I am not clear with this. This link is related to spell check. Can you
elaborate it more ?


On Wed, Jul 30, 2014 at 9:17 PM, Dyer, James <james.d...@ingramcontent.com>
wrote:

> In addition to the analyzer configuration you're using, you might want to
> also use WordBreakSolrSpellChecker to catch possible matches that can't
> easily be solved through analysis.  For more information, see the section
> for it at https://cwiki.apache.org/confluence/display/solr/Spell+Checking
>
> James Dyer
> Ingram Content Group
> (615) 213-4311
>
> -----Original Message-----
> From: sunshine glass [mailto:sunshineglassof2...@gmail.com]
> Sent: Wednesday, July 30, 2014 9:38 AM
> To: solr-user@lucene.apache.org
> Subject: Re: Searching words with spaces for word without spaces in solr
>
> This is the new configuration:
>
>     <fieldType name="text" class="solr.TextField"
> > positionIncrementGap="100">
> >       <analyzer type="index">
> >         <charFilter class="solr.HTMLStripCharFilterFactory"/>
> >         <tokenizer class="solr.StandardTokenizerFactory"/>
> >         <filter class="solr.ShingleFilterFactory" maxShingleSize="2"
> > outputUnigrams="true" tokenSeparator=""/>
> >         <filter class="solr.WordDelimiterFilterFactory"
> > generateWordParts="1" generateNumberParts="1" catenateWords="1"
> > catenateNumbers="1" catenateAll="0" splitOnCaseChange="1"/>
> >         <filter class="solr.LowerCaseFilterFactory"/>
> >         <filter class="solr.SnowballPorterFilterFactory"
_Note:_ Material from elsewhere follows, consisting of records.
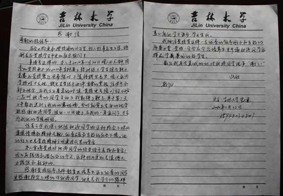 班级。 惊喜之余我深深的被张涛同学的这种拾金不昧的道德情操和精神风貌,优秀品质的良好的社会道德。他的行为也是贵校精神文明建设成果的肯定。 本人恳请贵校对张涛同学的行为给予表扬和肯定!因为在提倡和谐社会的今天,这种行为更加是值得大力提倡和鼓励的。 感谢贵校领导、老师教育处培养出这么优秀的同学,更感谢拾金不昧的张涛同学。他是我学习的榜样,衷心祝他学习进步、学业有成。 我相信贵校有这样一支优秀的领导班子和良好的师资力量,贵校一定会在今后培养出更多像张涛同学这样品学兼优的好学生。 最后我再次真诚的对张涛同学说声:“谢谢!” 此致 敬礼 失主:吉林大学宫健 2010年11月22日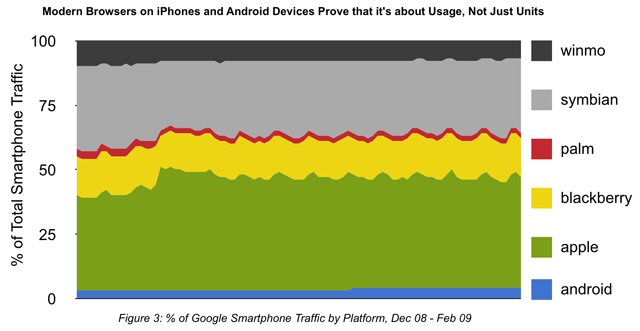 這里有個(gè)例子:iPhone、Android手機(jī)雖然僅占到智能手機(jī)市場(chǎng)份額的13%,卻貢獻(xiàn)了50%的智能手機(jī)Google搜索流量(Google訪問(wèn))。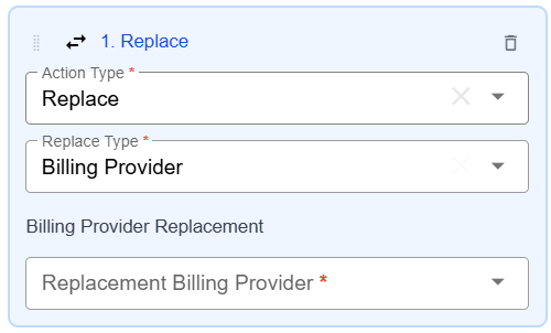 To replace billing providers, use this Replace option in conjunction with a Billing Provider trigger.

> > language="English" protected="protwords.txt"/>
> >           <filter class="solr.SynonymFilterFactory"
> > synonyms="stemmed_synonyms_text_prime_index.txt" ignoreCase="true"
> > expand="true"/>
> >       </analyzer>
> >       <analyzer type="query">
> >         <tokenizer class="solr.StandardTokenizerFactory"/>
> >         <filter class="solr.LowerCaseFilterFactory"/>
> >         <filter class="solr.StopFilterFactory" ignoreCase="true"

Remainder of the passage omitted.